Über Nacht war die Armee zudem an strategisch wichtige Punkte in der Hauptstadt Harare ausgerückt, auch vereinzelte Schüsse und Detonationen waren laut Agenturberichten zu hören. Von Mugabe selbst war seitdem nichts zu vernehmen, lediglich Südafrikas Staatschef Jacob Zuma gab nach einem Telefonat mit seinem Amtskollegen bekannt, dass dieser sein Haus nicht verlassen dürfe, es ihm aber gut gehe. Auch vonseiten der ZANU-PF gibt es bisher keine verifizierte Stellungnahme. Lediglich über einen Twitter-Account mit dem Namen der Regierungspartei hieß es am Morgen, es habe »keinen Putsch«, sondern »lediglich einen unblutigen Machtübergang« gegeben, »bei dem korrupte und betrügerische Personen sowie ein älterer Mann, der von seiner Frau ausgenutzt worden ist, verhaftet wurden.« Wahrscheinlich ist jedoch, dass der Kanal von Kräften bespielt wird, die der Armee nahestehen oder ihr angehören. Auch Militärsprecher Moyo hatte schließlich in seiner TV-Ansprache zuvor betont: »Dies ist keine militärische Übernahme der Regierung. Was die simbabwische Armee macht, ist eine Befriedung einer ausgearteten politischen, sozialen und ökonomischen Situation in unserem Land, die, wenn sie nicht behoben wird, zu einem gewaltsamen Konflikt führen kann.«

Moyo folgte damit exakt der Linie, die Armeechef Constantino Chiwenga bereits am Montag bei einer Pressekonferenz im Armeehauptquartier in der Hauptstadt Harare vorgegeben hatte. Der oberste Militär hatte darin politische »Säuberungen« in der Regierungspartei angeprangert, die sich vor allem gegen »Mitglieder mit Befreiungskampfgeschichte« richteten, und erklärt, die Armee fühle sich zu »korrigierenden Maßnahmen« verpflichtet, um die »Errungenschaften des Befreiungskampfes« zu verteidigen. Offiziell soll der Putsch so als verfassungsgemäßes Eingreifen gegen »Kriminelle« gerechtfertigt werden, die sich laut Moyo »im Umfeld« des Präsidenten befunden hätten und »Verbrechen begehen, die soziales und ökonomisches Leid über das Land bringen«.

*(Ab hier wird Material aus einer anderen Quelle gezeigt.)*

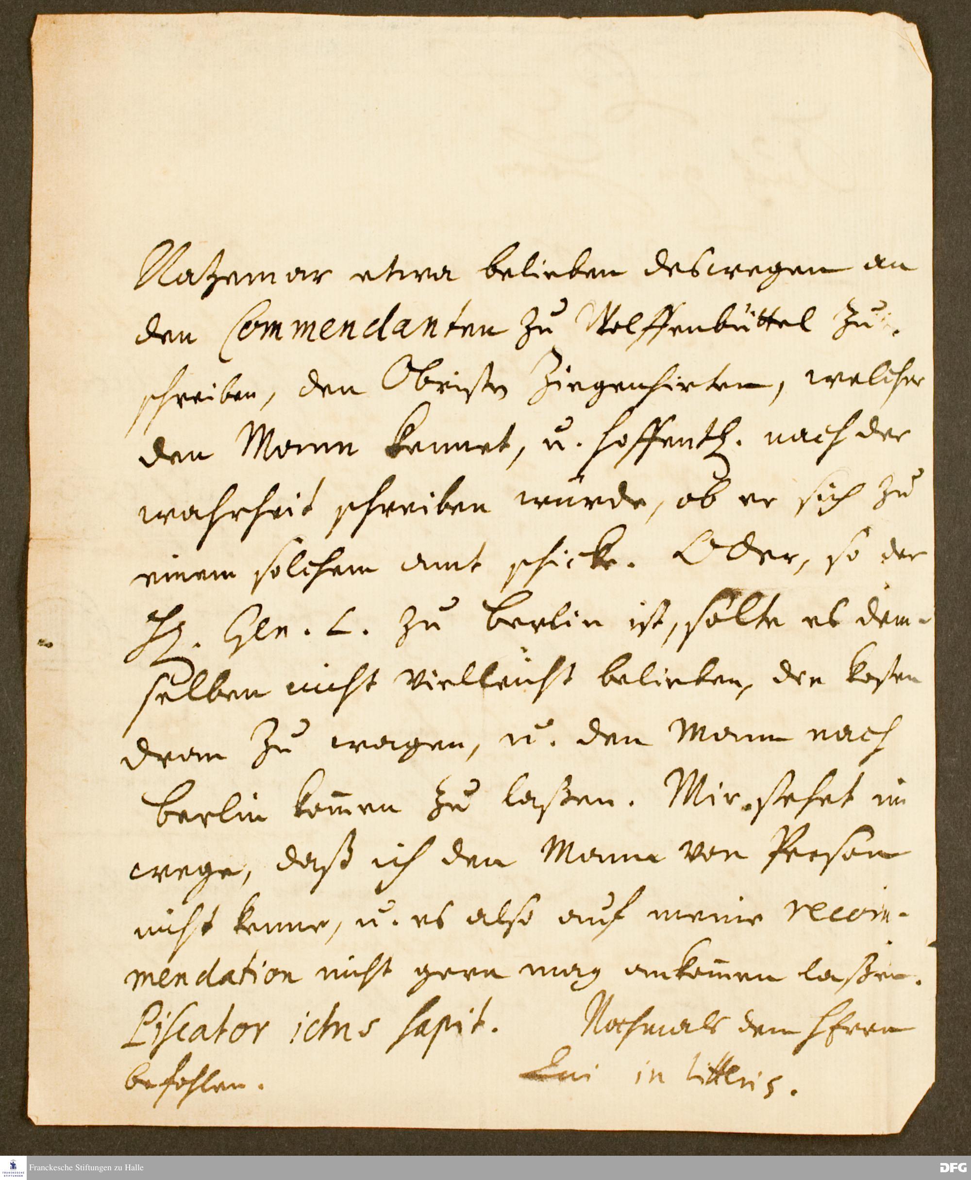Postskriptum zu einem Brief von August Hermann Francke an Carl Hildebrand v. Canstein.

Hinter dieser Fassade steckt jedoch ein offener Machtkampf innerhalb der ZANU-PF. Die Grenzen der Lager verlaufen dabei zwischen der jüngeren Generation um Mugabes 52-jährige Ehefrau Grace und einer alten Garde von Veteranen des Befreiungskampfes um Emmerson Mnangagwa. Beide Lager bereiteten sich seit Jahren auf die Übernahme der Staatsgewalt vor. Nun eskalierte der Konflikt. Grace Mugabe, die einst erklärte als »Ehefrau des Präsidenten« sei sie »schon Präsidentin«, drängte ihren Gatten bei einem Auftritt vor der Partei-Jugendliga öffentlich dazu, ihren Kontrahenten Mnangagwa als Vizepräsidenten zu entlassen. Dem kam der greise Staatschef am Montag vor einer Woche dann auch nach. Mnangagwa floh nach Südafrika, Grace Mugabe schien vor dem ZANU-PF-Parteitag im kommenden Monat fast am Ziel. Bis Militärchef Chiwenga zugunsten seines alten Verbündeten Mnangagwa eingriff.

Letzterer, so berichteten mehrere Medien am Mittwoch, soll nun Gerüchten zufolge übergangsweise die Macht übernehmen. Unwahrscheinlich scheint das nicht, denn Mnangagwa würde damit zwei Funktionen erfüllen: Zum einen könnte das Militär so einen zivilen Staatschef präsentieren, der bei einem - natürlich noch zu erfolgenden - Rücktritt Mugabes ohnehin verfassungsgemäß übernehmen würde. Und zum anderen könnte die alte Garde in Militär und Partei so ihre »Errungenschaften des Befreiungskampfs«, namentlich den Zugang zu den erträglichen Fleischtrögen bei staatsnahen Unternehmen verteidigen. Politisch dürfte sich wenig ändern, was aber auch kaum der Fall gewesen wäre, wenn die Fraktion um Grace Mugabe die Oberhand gewonnen hätte. Lediglich die Zuneigung zu potenziellen Investoren wird nach dem Fall der im Westen verhassten Mugabes nun neu verteilt. Auch dafür braucht die Armee freilich ein demokratisches Antlitz.